Just curious on what the consensus seems to be regarding nicotine strength in CCs vs NCs. I've heard/read that CCs tend to have less vitamin N than NCs but was wondering if there was any truth to it. Having not yet tried a CC (probably popping my cherry this weekend) and only having minimal experience with NCs I was looking for some input, merely for my own curiosity.


----------



## ivandrocco (Feb 17, 2017)

TheGentlemansLifestyle said:


> Just curious on what the consensus seems to be regarding nicotine strength in CCs vs NCs. I've heard/read that CCs tend to have less vitamin N than NCs but was wondering if there was any truth to it. Having not yet tried a CC (probably popping my cherry this weekend) and only having minimal experience with NCs I was looking for some input, merely for my own curiosity.


My own personal experience: I went to Cuba in January after having quit cigarettes for about a year.

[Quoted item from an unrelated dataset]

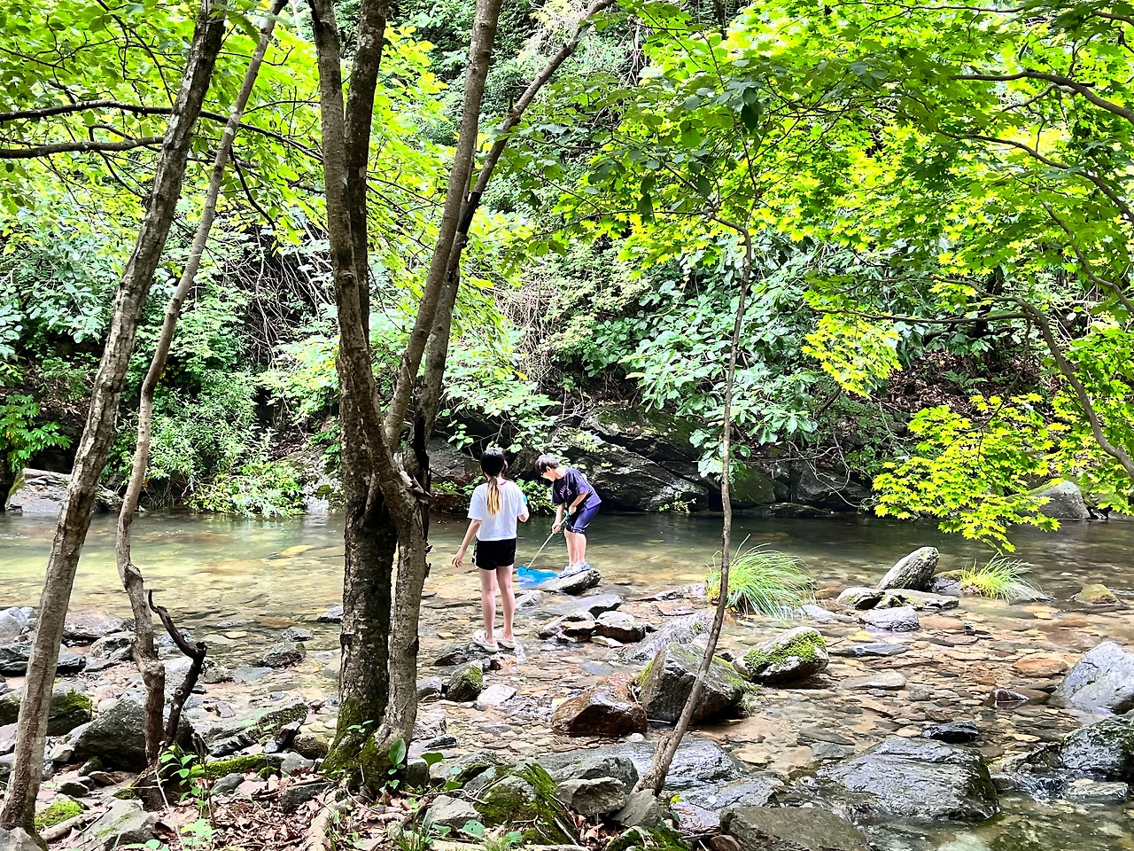 남편이 식사를 준비하는 동안 아이들과 옆에 있는 계곡에 내려갔다.

I probably had more nicotine tolerance than a lifetime nicotine virgin, but not much. I smoked cubans the like crazy the whole time i was there and loved it, no issues what-so-ever. I preferred the mild smokes, Hoyo Epicure No. 2, for example, to the Cohibas which I found to be intense.

This is where my cigar habit started, and I've been exploring NCs ever since. After 5 months of smoking cigars, about two weeks ago I smoked a Herrera Esteli (which by most accounts is not a particularly strong cigar) from @ADRUNKK and lost my lunch.

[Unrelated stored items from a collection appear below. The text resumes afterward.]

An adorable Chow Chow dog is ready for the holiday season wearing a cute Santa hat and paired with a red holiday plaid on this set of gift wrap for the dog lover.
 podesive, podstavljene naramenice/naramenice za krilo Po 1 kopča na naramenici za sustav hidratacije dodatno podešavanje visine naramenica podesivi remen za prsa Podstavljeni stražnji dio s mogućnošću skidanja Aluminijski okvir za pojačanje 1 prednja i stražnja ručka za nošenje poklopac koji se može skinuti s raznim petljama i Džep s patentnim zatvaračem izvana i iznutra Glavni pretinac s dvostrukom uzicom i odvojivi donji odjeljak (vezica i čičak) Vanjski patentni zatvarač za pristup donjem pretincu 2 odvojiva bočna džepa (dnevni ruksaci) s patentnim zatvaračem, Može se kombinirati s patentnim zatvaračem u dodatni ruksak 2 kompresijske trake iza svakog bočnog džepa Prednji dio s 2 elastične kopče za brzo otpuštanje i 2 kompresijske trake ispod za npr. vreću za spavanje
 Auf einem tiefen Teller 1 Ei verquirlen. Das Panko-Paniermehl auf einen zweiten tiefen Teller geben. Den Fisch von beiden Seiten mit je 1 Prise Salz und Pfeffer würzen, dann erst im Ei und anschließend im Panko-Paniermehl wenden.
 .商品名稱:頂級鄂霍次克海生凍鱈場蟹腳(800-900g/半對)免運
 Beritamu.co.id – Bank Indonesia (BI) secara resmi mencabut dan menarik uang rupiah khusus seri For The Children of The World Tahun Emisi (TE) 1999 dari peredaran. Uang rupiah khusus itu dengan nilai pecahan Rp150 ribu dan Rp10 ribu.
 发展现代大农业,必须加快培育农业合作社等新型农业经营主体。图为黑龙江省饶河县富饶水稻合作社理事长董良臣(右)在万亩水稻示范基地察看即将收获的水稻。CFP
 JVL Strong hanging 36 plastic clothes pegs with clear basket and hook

Maybe it was the atmosphere in Cuba, or just instinctively avoiding the larger sticks. Who knows.


----------



## TheGentlemansLifestyle (Apr 10, 2017)

ivandrocco said:


> My own personal experience: I went to Cuba in January after having quit cigarettes for about a year. I probably had more nicotine tolerance than a lifetime nicotine virgin, but not much. I smoked cubans the like crazy the whole time i was there and loved it, no issues what-so-ever. I preferred the mild smokes, Hoyo Epicure No. 2, for example, to the Cohibas which I found to be intense.
> 
> This is where my cigar habit started, and I've been exploring NCs ever since. After 5 months of smoking cigars, about two weeks ago I smoked a Herrera Esteli (which by most accounts is not a particularly strong cigar) from @ADRUNKK and lost my lunch.
> 
> Maybe it was the atmosphere in Cuba, or just instinctively avoiding the larger sticks. Who knows.


Well looks like I need to send you back to Cuba for some more research. See if we can duplicate the outcome through due scientific process! I do think that the smaller vitola's to CCs probably play a part but didn't really think of it that way.

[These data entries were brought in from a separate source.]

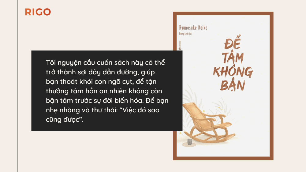 Tôi nguyện cầu cuốn sách này có thể trở thành sợi dây dẫn đường, giúp bạn thoát khỏi con ngõ cụt, để tận thưởng tâm hồn an nhiên không còn bận tâm trước sự đời biến hóa. Để bạn nhẹ nhàng và thư thái: “Việc đó sao cũng được”.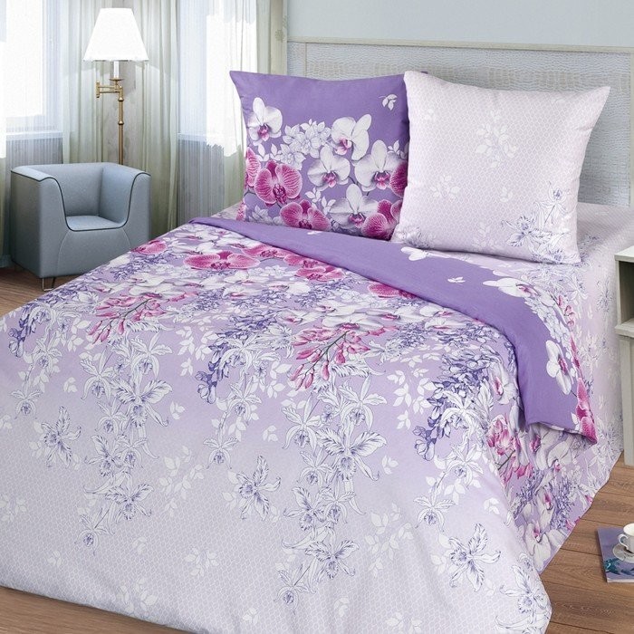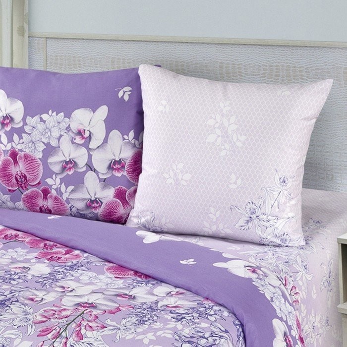 Постельное бельё 1,5сп Миланика Орхидеи 143х215см, 145х215см, 70х70см 2 шт, бязь 125г/м, хлопок 100%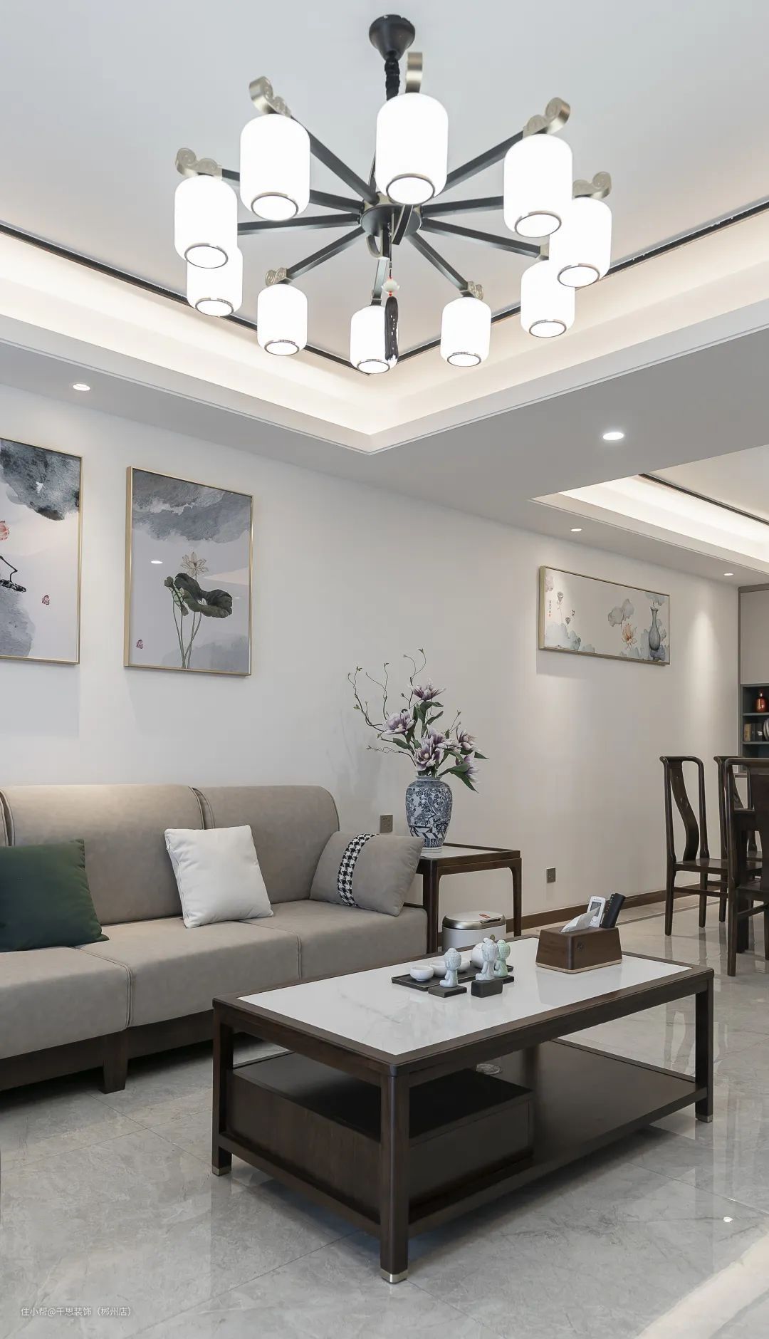 两张客厅细节图:细节之处见真章,一盏10头新中式吊灯,中式韵味流淌在全屋之中。

If you take a 7 x 52 labeled as mild/medium and a 5 X 52 labeled as med/full and nub the 7 and leave 1 inch left on the 5, in which one did you consume more nicotine?

Science!


----------



## UBC03 (Nov 18, 2015)

IMO ccs don't have the nic kick of the ncs I smoked.. But take that with a grain of salt. I'd mainline it if I could. I stop for at least one cigarette break when I'm smoking an lfd dl, if that tells you anything.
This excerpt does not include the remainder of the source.